The Faint Object Camera (FOC) was a camera installed on the Hubble Space Telescope from launch in 1990 until 2002. It was replaced by the Advanced Camera for Surveys. In December 1993, Hubble's vision was corrected on STS-61 by installing COSTARS, which corrected the problem with Hubble's mirror before it reached an instrument like FOC. Later instruments had this correction built in, which is why it was possible to later remove COSTARS itself and replace it with a new science instrument.

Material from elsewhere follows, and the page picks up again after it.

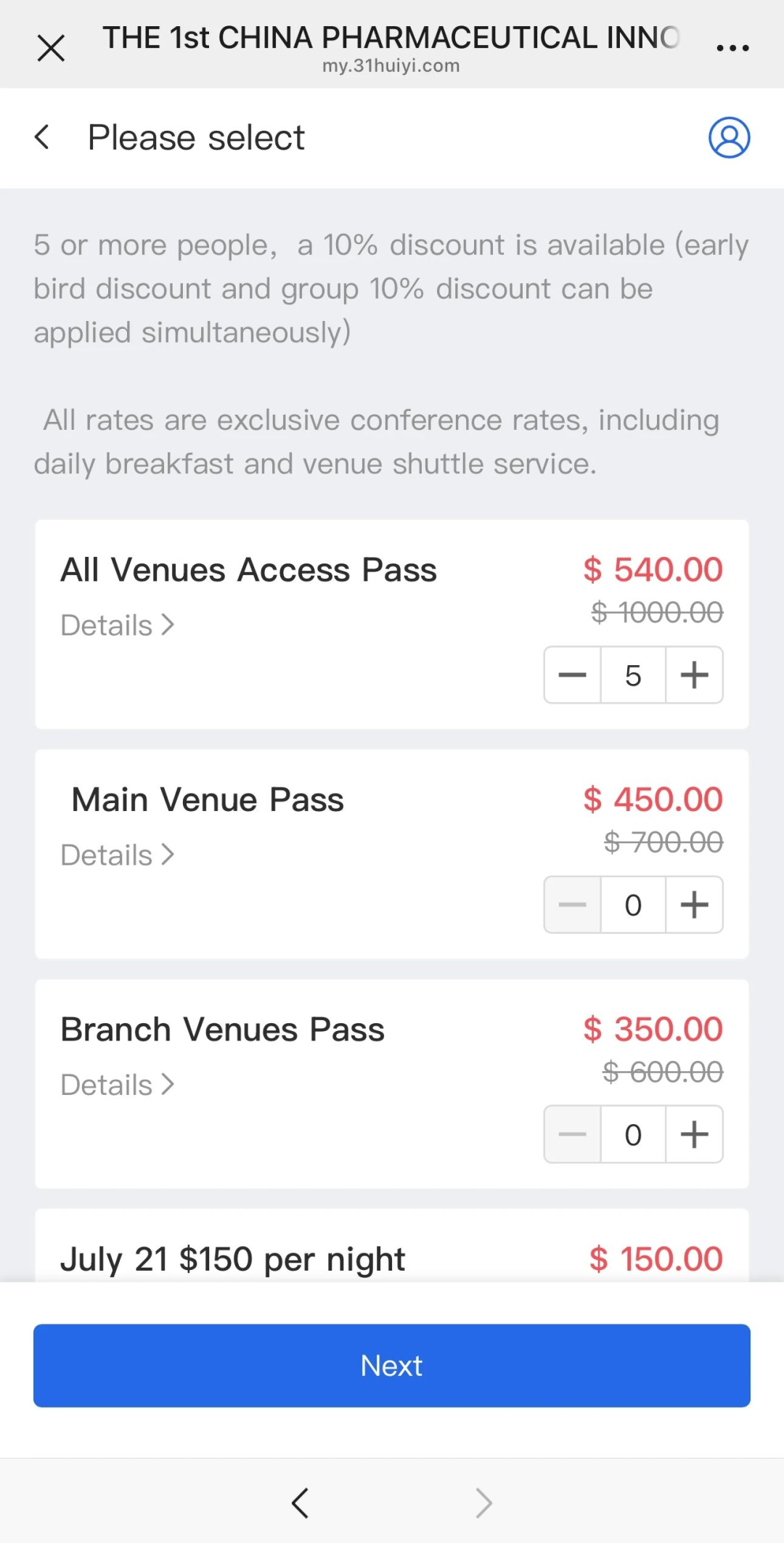 Registration Steps: Enter 5 or more participants to get an additional 10% discount on early bird prices → Fill in information of each attendee → Make payment → Complete registration.

The camera was built by Dornier GmbH and was funded by the European Space Agency.  The unit actually consists of two complete and independent camera systems designed to provide extremely high resolution, exceeding 0.05 arcseconds.  It is designed to view very faint UV and optical light from 115 to 650 nanometers in wavelength. FOC has been compared to a "telephoto" lens, providing a high resolution in a small field of view. FOC could distinguish between two points 0.05 arc-seconds apart.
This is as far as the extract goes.